Le périphérique est majoritairement emprunté par des Parisiens et des habitants de la Petite couronne

 

Dans le détail de leur analyse, Roland Berger et Kisio ont décortiqué les déplacements porte-à-porte d'un échantillon représentatif de 20.000 usagers du périphérique parisien sur la base de leurs données de localisation GPS sur une période de 50 jours, étalée de novembre à décembre 2019. Pour rappel, cette infrastructure compte près de 1,1 million de déplacements journaliers et 1,4 million d'usagers chaque mois, soit seulement 3% des déplacements quotidiens de l'Île-de-France. En comparaison, le RER A, reliant l'Est et l'Ouest parisiens, transporte chaque jour 1,2 million de voyageurs, ce qui en fait la ligne de transport en commun la plus fréquentée d'Europe.

 

On apprend donc que les Parisiens, contrairement à ce que l'on pourrait croire, utilisent autant le périphérique que leurs voisins franciliens : environ 10% d'entre eux l'empruntent tous les mois, un chiffre identique au reste de la région, alors que le taux de motorisation des Parisiens est beaucoup moins élevé que celui des autres Franciliens (36,8% contre 66,7%). Ce sont les habitants des arrondissements limitrophes au périphérique qui l'utilisent en écrasante majorité. De même, les habitants de la Petite couronne sont 595.000 à l'emprunter, contre 320.000 pour ceux résidant en Grande couronne. Ceci dit, si les Parisiens sont aussi nombreux à rouler sur le périphérique que leurs voisins d'Île-de-France, ils ne représentent que 18% des usagers de l'infrastructure et ne génèrent in fine que 22% du trafic.

 

En outre, les déplacements reliant Paris au reste de la région pèsent tout de même pour près de 50% du total des trajets, alors que ceux intra-zones ne représentent que 35%, et que ceux entre la Petite et la Grande couronne ne s'octroient que 13%. Les habitants de la Petite couronne représentent 43% des usagers du périphérique, contre 23% pour ceux de la Grande couronne, 18% pour les Parisiens et 16% pour les Français d'autres régions. De plus, les trajets des usagers réguliers s'élèvent à 50% du trafic sur l'infrastructure, dont 75% sont effectués en Petite couronne et à Paris.

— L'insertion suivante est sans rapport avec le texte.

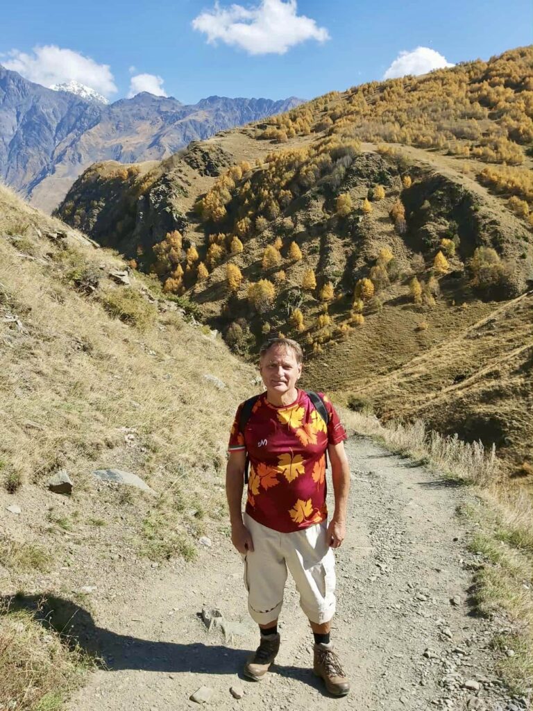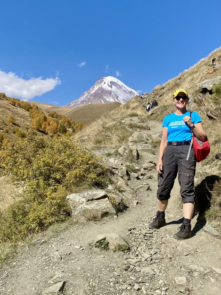 Vi steg upp tidigt på onsdag morgon för heldagsvandringen som startar strax utanför vår hotell. Vandringen är inte speciellt lång (11 km) men den lyfter oss över 1.000 höjdmeter som ska besegras såväl upp som ner. Vi startade på 1.700 möh och vandringen var riktigt brant redan från start, så pulsen steg raskt. På vägen passerar vi den vackert belägna Gergeti Trinity-kyrkan, förmodligen det mest berömda och mest fotograferade georgiska landmärket (som slöa kineser tog taxi upp till) och sen vidare mot glaciären. Så blev det inte, vi valde att vända vid trädgränsen (2.700 möh) men njöt av fri sikt mot Georgiens högsta berg (finns två högre, men de är numera i de av ryssarna ockuperade (Sydossetien/Abchasien).

Roland Berger et Kisio notent également que le niveau de fréquentation est quasiment identique chaque jour de la semaine, avec cependant un pic le vendredi, et en toute logique une chute de 21% le samedi et le dimanche. "Pendant la journée, l'engorgement est logiquement plus marqué aux heures de pointe qui génèrent plus de 50% du trafic. Le pic du matin est réparti sur seulement trois heures (entre 5h et 8h), contrairement au pic du soir, beaucoup plus diffus, qui s'étale sur cinq heures", précisent-ils. Et d'ajouter : "Redonner une certaine fluidité à cette infrastructure améliorerait la mobilité globale de la région".

 

Utiliser la donnée, changer les comportements, développer la route intelligente...

 

Pour les analystes, les collectivités territoriales et les autorités organisatrices doivent toutefois s'emparer de certains sujets avant qu'ils ne se transforment en problématiques, à l'image des flux logistiques : selon leurs calculs, 200.000 tonnes de marchandises acheminées par poids lourds partent ou arrivent en Île-de-France ; au final, au moins 10% du trafic du périphérique résulterait des flux commerciaux. Or la croissance annuelle de ce secteur d'activité étant estimée à 8% jusqu'en 2030, l'intensification risque d'être telle que les acteurs publics et privés devront s'entendre sur la place à accorder au fret dans les transports urbains au cours de la prochaine décennie. Dans l'optique d'optimiser les trajets, les nouvelles technologies peuvent jouer un rôle considérable : à l'heure actuelle, les données routières disponibles proviennent "de simples cellules compteuses installées sur certains tronçons et ne permettent pas de reconstituer les flux (origine/destination)", alors que cette information serait le point de départ pour établir des politiques publiques de mobilité plus pertinentes.

 

 

Utiliser la donnée permettrait ainsi d'analyser plus finement la situation, et par extension de mieux répondre aux attentes des usagers, à l'heure où la multimodalité s'impose. Partant de ce constat, Roland Berger et Kisio suggèrent donc de mettre en place de nouvelles offres de mobilités, adaptées à l'ensemble des flux et prenant en compte les futures lignes du Grand Paris. Par exemple, des navettes de ramassage connectant la Petite couronne aux principales portes de la capitale pourraient voir le jour, de même que des voies prioritaires sur le périphérique aux heures de pointe, desservant le métropolitain et le RER. La place de la voiture individuelle doit aussi être repensée, notamment en réduisant (encore) la vitesse sur l'infrastructure, tandis que les changements de comportements doivent être encouragés, comme la réduction du versement transport des entreprises en contrepartie de l'instauration d'un système de télétravail régulier. Créer une voie réservée au covoiturage, aux transports publics, aux taxis et VTC est une autre piste mise sur la table, tout comme l'introduction de voies réversibles sur les grands axes pour ajuster leur nombre à la demande.

 

Enfin, l'étude recommande de "s'appuyer sur l'intelligence artificielle pour mettre en place des 'feux intelligents' afin d'adapter, entre autres, la durée des feux à la densité du trafic routier" et de "construire de nouvelles infrastructures protégées et adaptées (faible pente, bretelles d'entrées et sorties régulières, éloignement des pots d'échappement, etc) pour les modes actifs dont les origines/destinations seront à cibler". Des parkings supplémentaires pourraient de surcroît être bâtis aux entrées de Paris, pendant que "des routes intelligentes avec une vitesse adaptée au volume et à la nature du trafic" pourraient être développées.